AI might alter processes, but teams determine whether the transformation sticks. They’re the place where culture is lived, where behaviours collide, where resistance forms and where progress either accelerates or quietly dies.
Technology can optimise workflow, but it can’t make teams trust each other.
It can automate tasks, but it can’t help colleagues communicate with honesty.
It can analyse data, but it can’t create shared purpose or psychological safety.
Teams do that. And right now, AI is destabilising teams everywhere — not maliciously, but because change on this scale shifts relationships, roles, expectations and identity.
If you want real transformation, you have to help teams rebuild their cohesion. That happens best in person, where people can read each other’s energy, miscommunications can surface safely, and subtle behavioural patterns become visible.

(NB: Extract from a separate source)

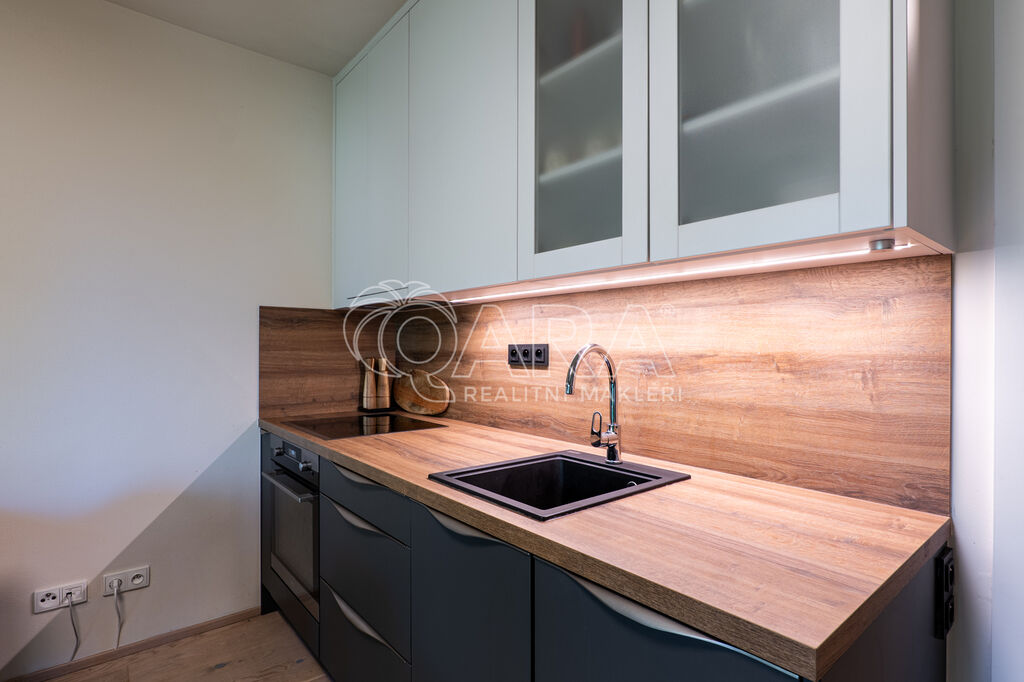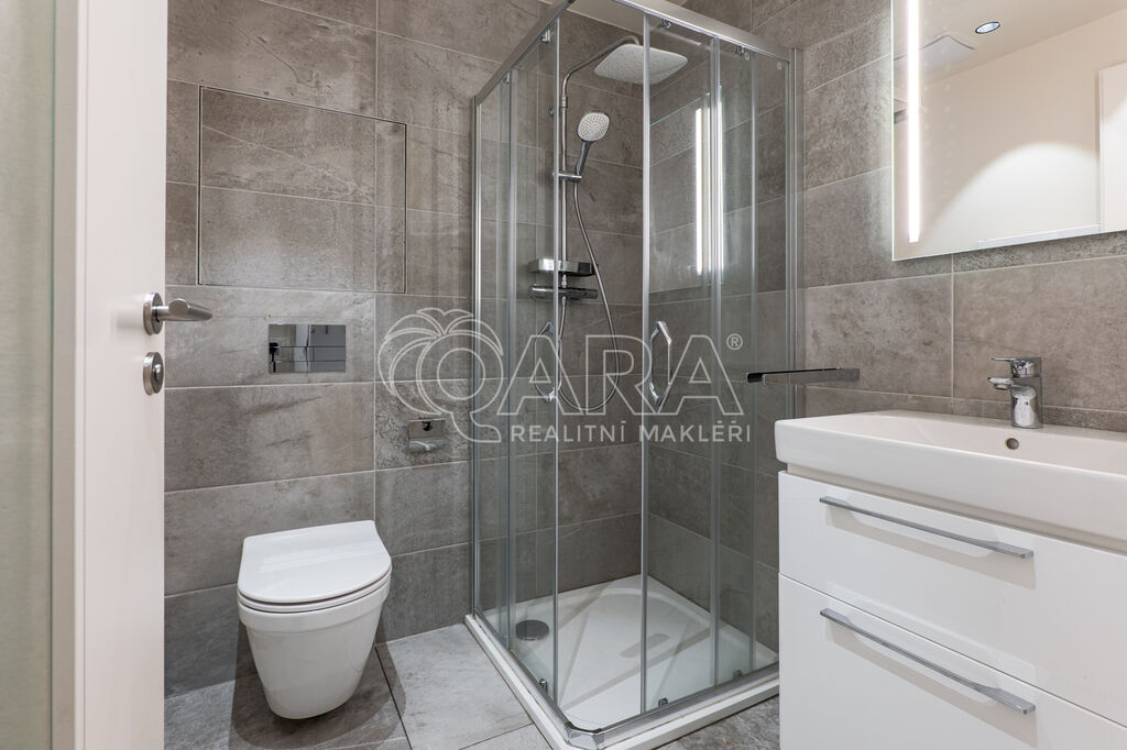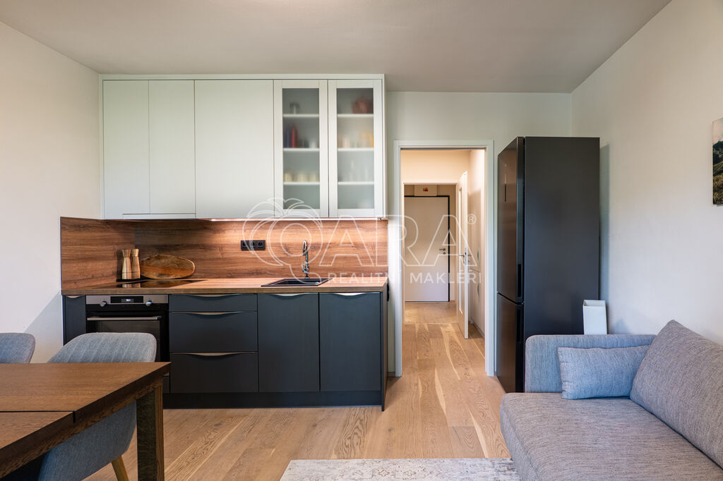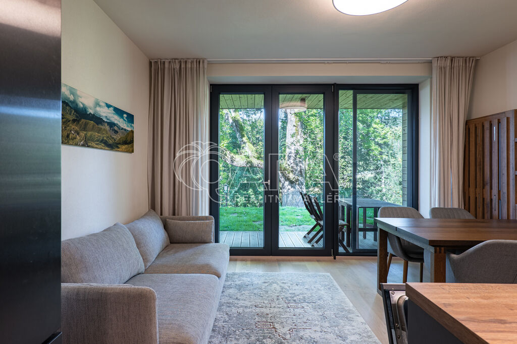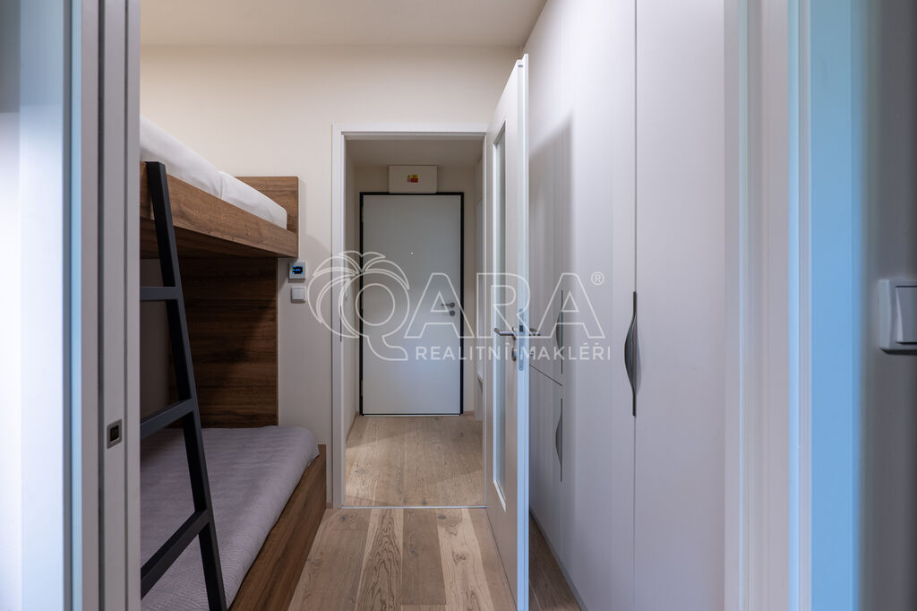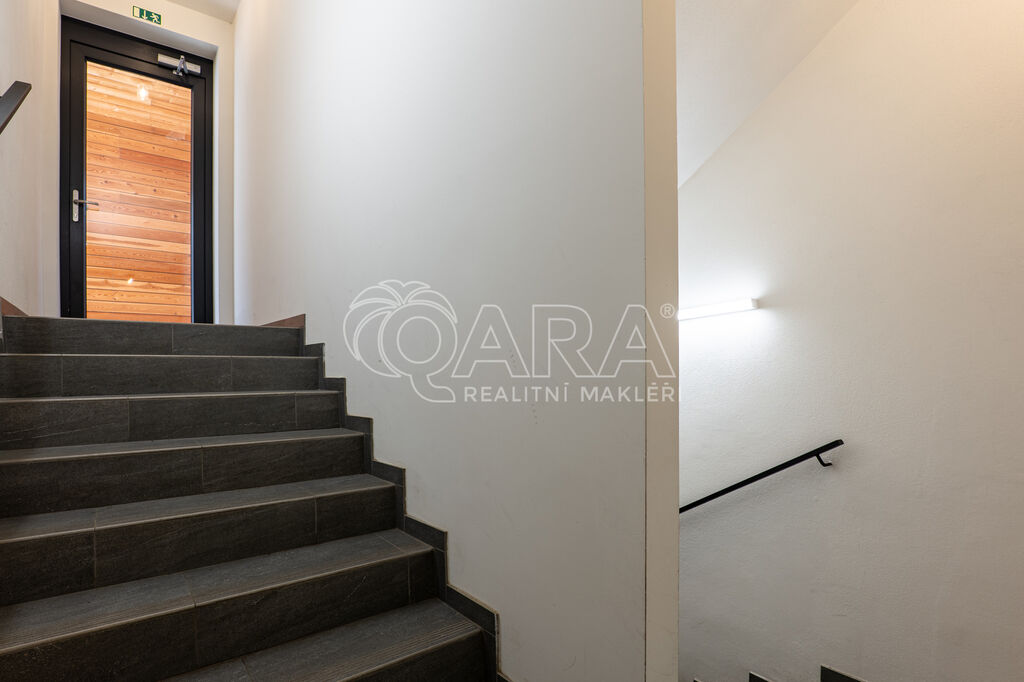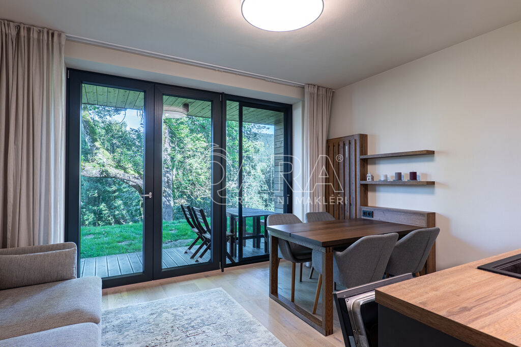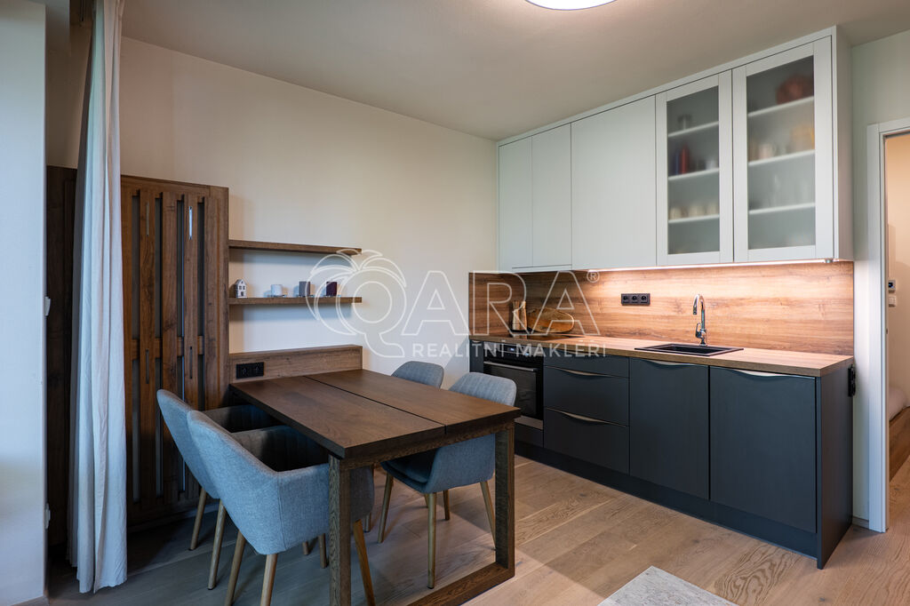 Byt je orientován na severozápad a nabízí jedinečné výhledy do okolní přírody. Interiér je zařízen na míru ve vysokém standardu, kuchyňské spotřebiče značky AEG, podlaha z masivu. Dispozice zahrnuje vstupní chodbu s vestavěnou skříní, obývací pokoj s kuchyňským koutem a vstupem na terasu, patrovou manželskou postel umístěnou v klidové zóně, koupelnu se sprchovým koutem a toaletou. Úložné prostory jsou řešeny prakticky a s maximálním využitím místa. K bytu náleží prostorný sklep přímo naproti vstupu do jednotky a venkovní parkovací stání.

In the programmes we run, the most powerful moments often come from simple human learning:
- A senior leader realising their team hears them entirely differently than intended
- A group uncovering the real sources of tension beneath the surface
- Individuals recognising how their behaviour shapes the whole system
- Teams rediscovering a sense of pride, ambition and shared vision
Teams need to be relational not transactional, connected not digitally linked, and they need to be both dynamic and decent.
AI transformation depends on teams that are aligned, connected and engaged. And those conditions are built by leaders — not assumed.
When the team transforms, the technology finally delivers its promise.